In a few years or decades after the impact, though, life started coming back, and it might have even been in better shape than before. The study authors pointed out that, following the impact, there was a sudden surge in the levels of elements that are crucial for life.

The planet was mostly a water-covered world, with only a few volcanic islands and small continents. A carbonaceous chondrite of the impactor's size would have carried hundreds of gigatons of phosphorus, Drabon said.

The second element was iron, which would have been abundant in the deep Archean oceans but scarce in the shallow seas. However, the tsunami triggered by the meteorite impact would have mixed the oceans, bringing this metal into shallower regions, Drabon explained. The red rocks found in the layers above the impact site indicate this shift in the environment.

The study sheds light on how life began to thrive on a young planet that was frequently battered by massive space collisions.
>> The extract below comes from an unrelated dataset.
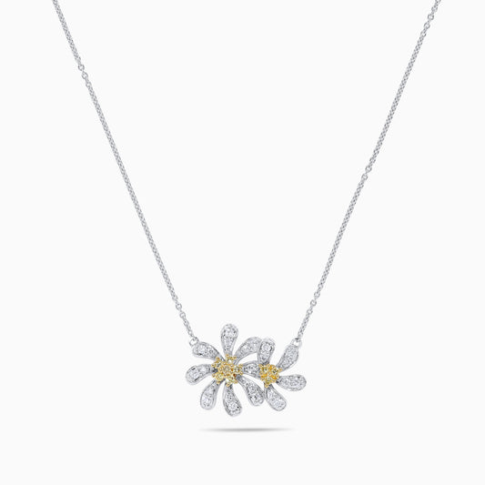 Natural Yellow Round and White Diamond .23 Carat TW Gold Necklace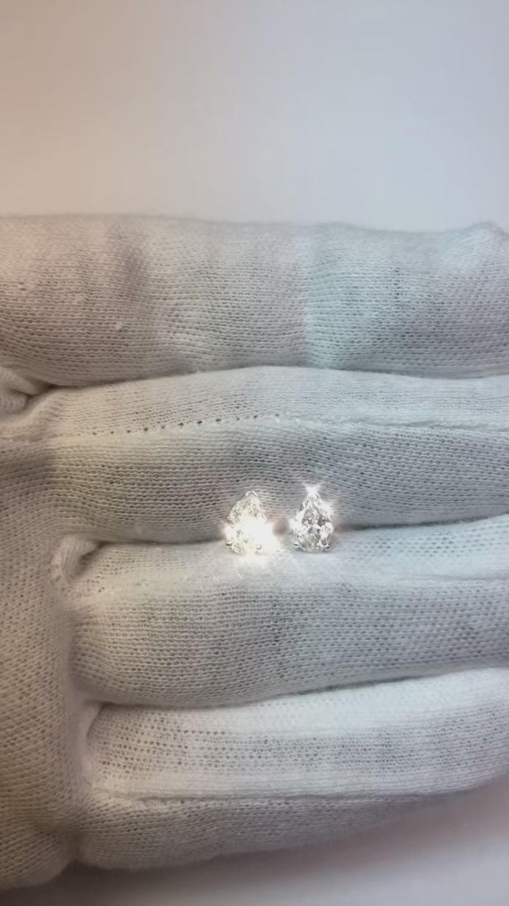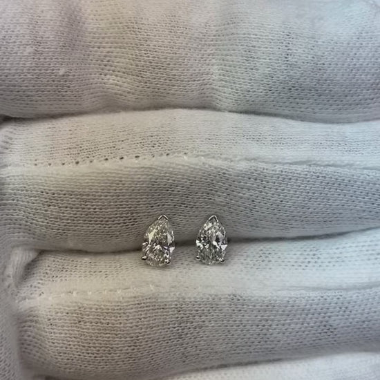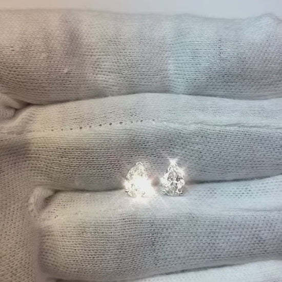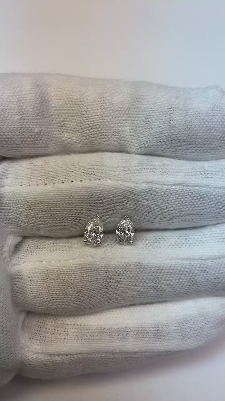 1.5 Ct Three Prong Setting Pear Cut Natural Earth Mined Diamond Stud Earring

The geological record indicates that large meteorites, such as the one that wiped out the dinosaurs, struck the early Earth at least once every 15 million years. Life was adaptable, Drabon noted, but these impacts may have influenced life's development each time they occurred.

"The extinction of the dinosaurs gave mammals a chance to thrive, and who knows if we'd be here today without it," Drabon said. The massive impacts that occurred during the Archean era may have had a significant impact on the types of microbes that survived and the ones that went extinct.

"The outcome of any action will have both negative and positive consequences," Drabon said.